22.03.2020

The Flâneur approach to design

The Flâneur, or flâneuse (female equivalent) is a French word that means “stroller” or “lounger”. Historically, they were representatives of the urban higher class with the freedom to wander detached from society for the purposes of acute observation. Being a flaneur carried all sorts of rich connotations — urban explorer, idler and man of leisure.

The main purpose is to wander, without any real objectives though, it is the opposite to doing nothing. According to Honoré de Balzac, Flânerie is “the gastronomy of the eye”. Walter Benjamin, German Jewish philosopher described the flaneur as a modern urban spectator and investigator of the city. Whilst they are gentlemen strollers of the city, they also play a role in participating and shaping their surroundings.

In the 1990s where the internet boom happened, the cyberflâneur emerged. During the early days of the internet, surfing the web was a form of art without the presence of Google or Facebook to organize information the way it is today. The gradual decline of the historical flâneurs were brought about by the modernization of the streets with larger, exposed common parks. Similarly, the cyberflâneurs followed suit after the introduction and fast growth of Google and Facebook’s presence.

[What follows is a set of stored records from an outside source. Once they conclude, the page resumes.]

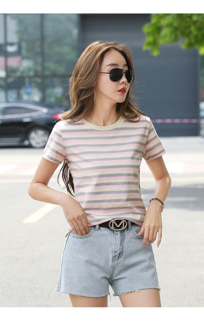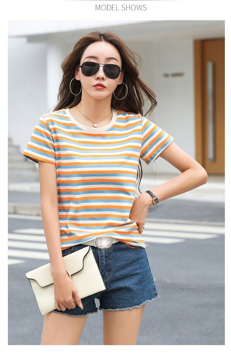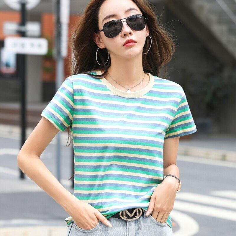 トップス女性 2022 ストライプ Tシャツスタイルの女性の服の綿 Tシャツ女性半袖 Tシャツ夏 Camisetas デ ショート コットン ハーフスリーブ サマー 夏物 Son59122626467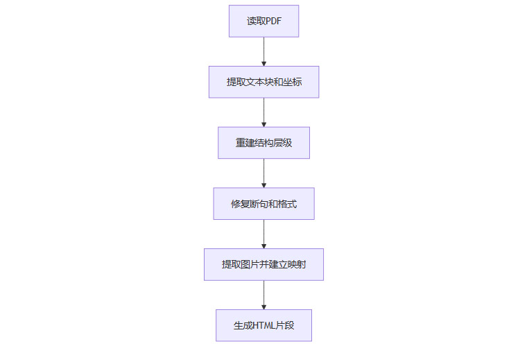Word/HTML/Markdown | 用结构化标签直接解析,python-docx等工具提取文本和图片 | 保留层级和语义,输出富文本HTML,便于后续处理 |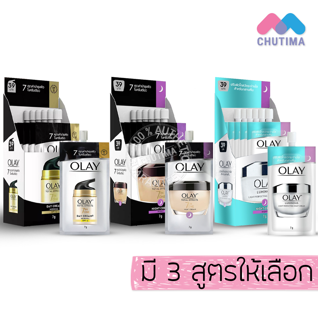 (แบบกล่อง) ครีมซอง โอเลย์ เดย์ครีม / ไนท์ครีม Olay Total Effect 7IN1 Day Cream / Night Cream / Luminous 7g. x6

A lot of what we do as designers is rooted in context. Everything we see around us are both problems and inspiration — we may see great solutions that others have came up with or noticed potential improvements that could be made. Sites like Behance and Dribble allow for the same artistic exploration that were done by flâneurs in the cities.

However, what we tend to forget about are the things that we do not see. Consider the knowns and unknowns framework — what we do not see could be the known unknowns or unknown unknowns. When it comes to knowledge, known knowns are facts, known unknowns are questions. Unknown knowns are intuition and unknown unknowns are exploration, a trait strongly tied to the historical flaneurs.

Exploration in the unknown unknown context would indicate observation without purpose, but purely for investigation. By exploring our surroundings and experiences without any direction, we often take an unbiased and uninformed approach to finding potential opportunities. Similarly with the known unknown questions, we can dive deeper into investigating and answering these queries. The only difference is that there is are slightly more tangible grounds to start with.

Theories are often built on existing knowledge and the curse of knowledge is a cognitive bias where one assumes others have the same context and background to understand certain information. Exploration can help break these barriers to find new information because it is taking a leap into the unknown. For example, hypotheses are derived from known unknowns by reframing questions whereas research and exploration can help better understand the unknowns. Observation is also part of investigation.

Like the flâneur, to solve an unknown unknown requires an open mind. Only with an open mind can we see problems with fresh eyes to produce new, innovative and meaningful solutions that are not just carbon copies of trends that exist on the market.

Forget about Google, Behance and Dribble for a second and return to analog methods of research — go out there in the world and carefully observe. Make your own notes on what you see or not see and develop your own conclusions without any prior contexts.